The Pros and Cons of Cable TV

    90 days ago, I couldn't spell "Kardashian." After resuming a subscription to Cable TV after a two-year hiatus, I still don't know exactly who these people are - except that their names appear frequently in "space fillers,"  once dominated by the doings of the heiress to the Hilton hotel chain. I googled "Kardashian," and was amazed to learn that a cable channel has carried a program, "Keeping Up With The Kardashians," since 2007. After doing some googling in an attempt to catch up to current trends, I don't feel that I was deprived. 

    I do question the capitalization of "The" in the title of whatever it is that they do - as in "The Olympics," or "The Royal Family."

    When the FCC mandated that TV broadcasting stations go to the new "High Definition," digital format, I decided to go back to "through the air," free broadcast Television. I had been paying the cable company about $70.00 a month until I hooked up my two sets to a  $75.00 antenna - one that is only slightly larger than one of those two meter dishes, a foot or two above my roof line. I got excellent reception of a dozen or more local channels in English as well as  two or more in Spanish - all free.

    Only when I desired to watch more University of Arizona sports was I prompted to consider a return to cable. Once I got an offer to "bundle" the offerings of the cable company with telephone service and a better Internet connection, and the total monthly bill was less than what I had been paying for digital Internet service and a phone line through whatever the name this year is for what was once the Bell Telephone utility.  I could hardly turn down the offer.

    In the least technical terms: coaxial cable is capable of carrying a digital signal with greater "bandwidth," than  the "landline," telephone wires, and at a higher digital speed.
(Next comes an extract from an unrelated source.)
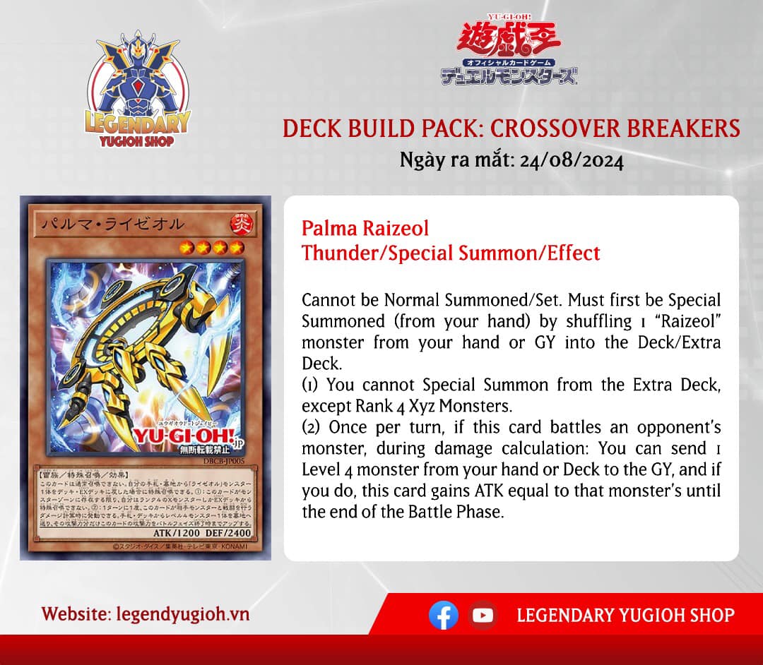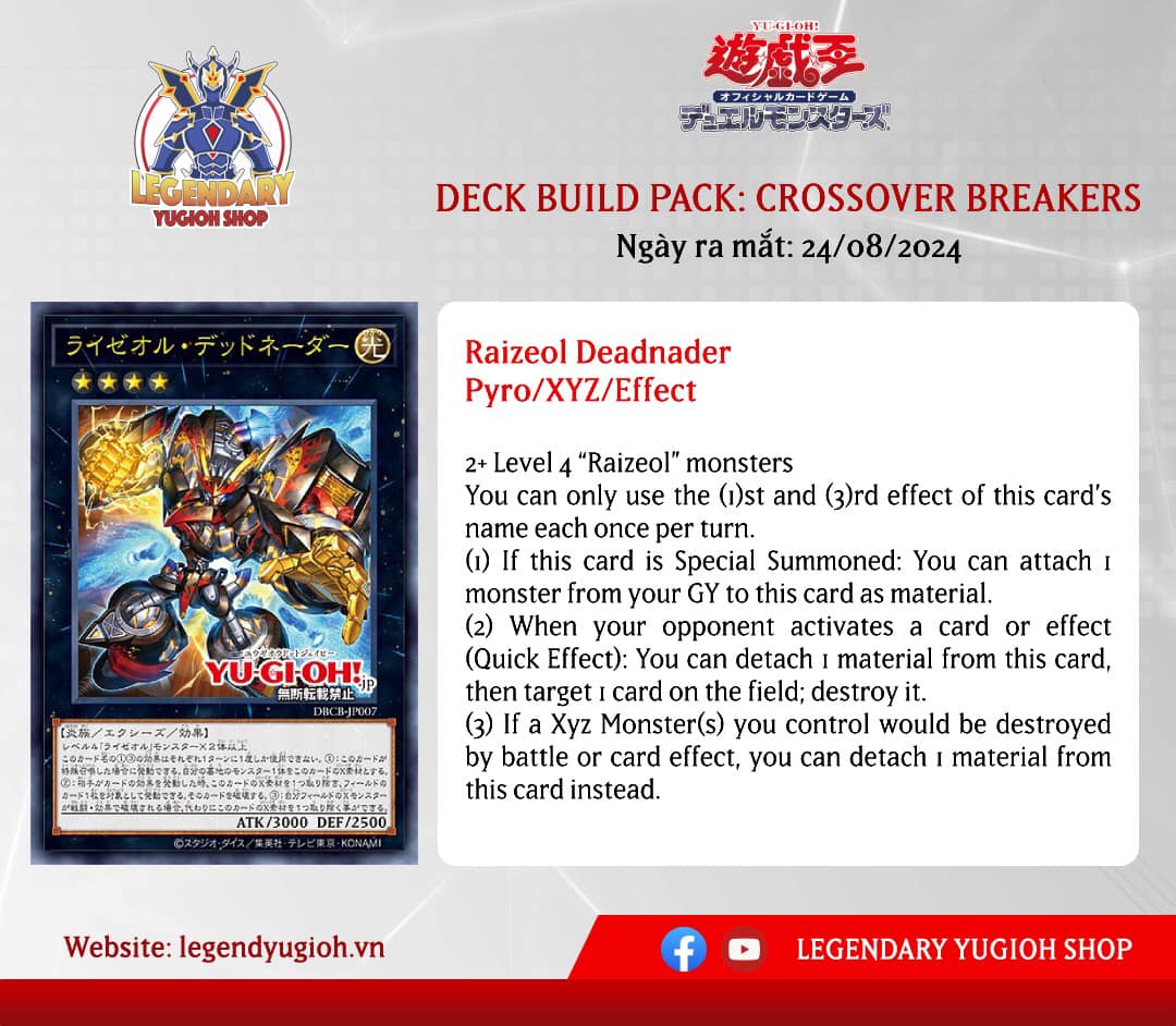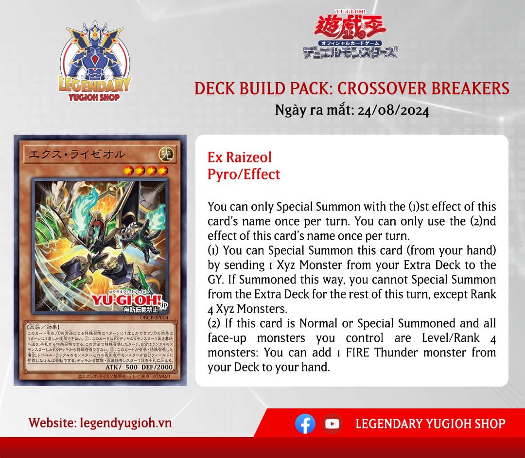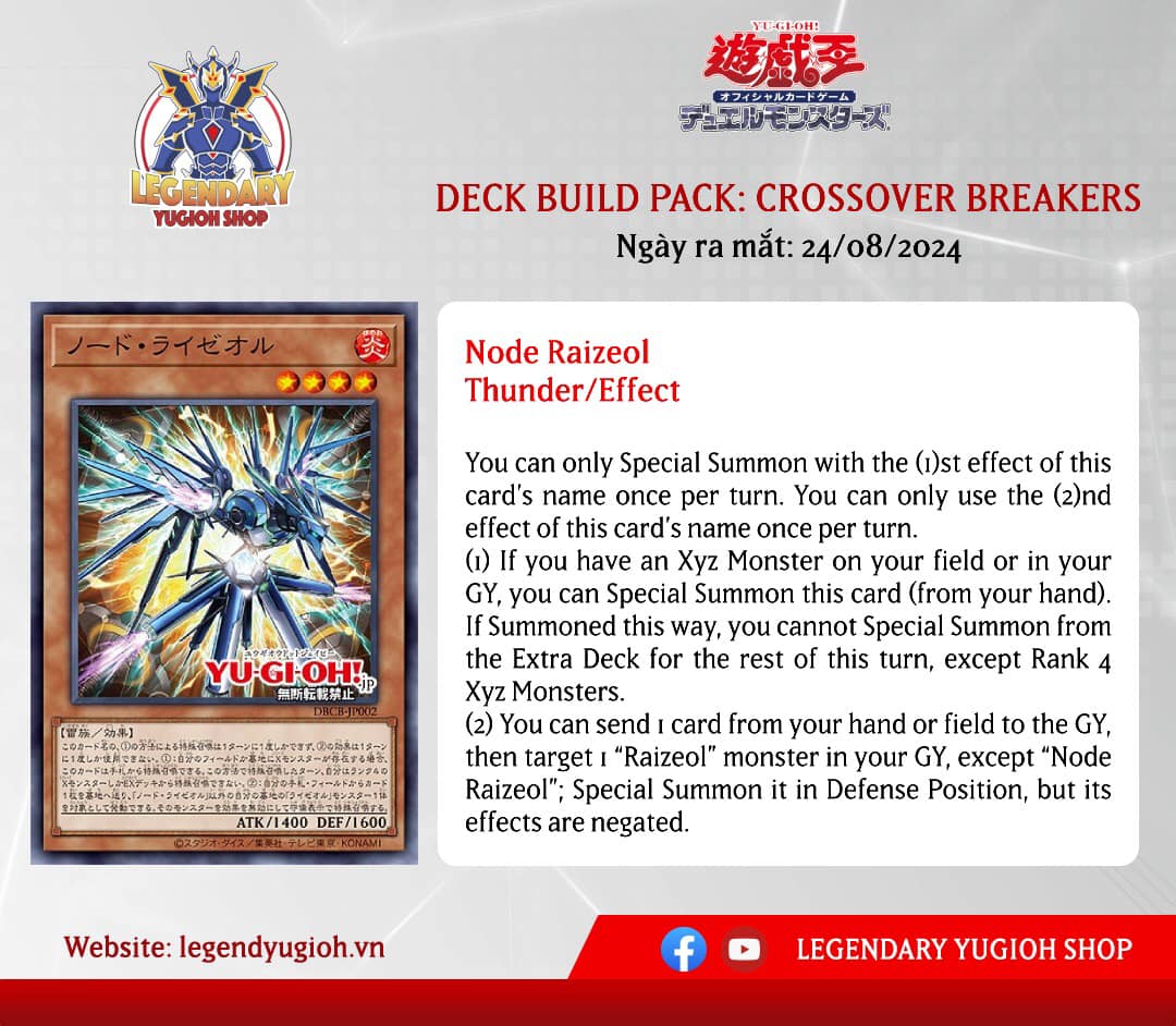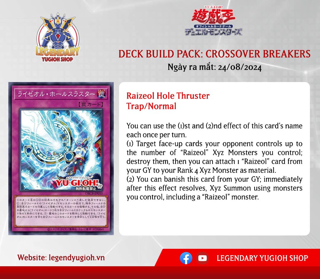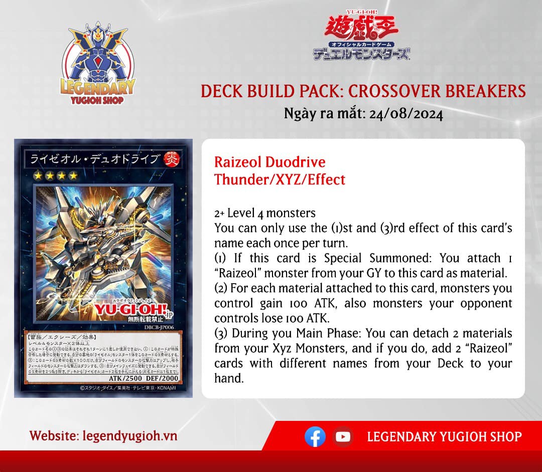 Archetype mới trong Deck Build Pack: Crossover Breakers đã chính thức lộ diện. Raizeol xoay quanh Rank 4 XYZ với khả năng spam quái khá mạnh. Với các support trong tương lai, đây hứa hẹn sẽ là bộ bài nhiều tiềm năng.

Optical cable is probably even better than coaxial cable, but its availability is still limited to small areas.

    The only disappointing aspect of the changeover is the poor quality of programming on the vastly overwhelming number of channels.  I'm further dismayed by the announcement of other like "reality shows" in the making.  I saw that there is a new one in production that will follow the real exploits of feral hog hunters. The idea is to steal the many fans of alligator killers, professional yard sale shoppers, pawn shop owners and junk collectors, not to mention the Kardashians.

    I probably can access 400 channels of real bad television shows, old and new pay-to-view movies, plus all sorts of sports, including that one most popular in Afghanistan, where mounted riders beat on each other relentlessly while trying to carry the corpse of a calf to a goal. That is, when they are not killing one another with suicide bombs.
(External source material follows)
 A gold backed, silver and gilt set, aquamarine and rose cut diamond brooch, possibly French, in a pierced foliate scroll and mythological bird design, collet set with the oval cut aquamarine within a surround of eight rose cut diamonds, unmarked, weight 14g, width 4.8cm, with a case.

    If it wasn't for repeats of "Mash" and "Seinfeld," pushing at least 398 of the channels to my tube is wasted energy. 

    One upon a time, this bubble gum for the mind was relegated to Monday mornings after midnight. It was the old "Test Pattern," transmitted in order that the Television Engineers could test, tune or replace the transmitting equipment when hardly anyone was watching.

    It's no wonder than I am now on my third channel selector. Once the mute button fails, one should order two more wireless channel selectors, for they are not repairable. I now spend more time researching the TV guides and surfing the channels  than I once wasted watching the wretched idiot box.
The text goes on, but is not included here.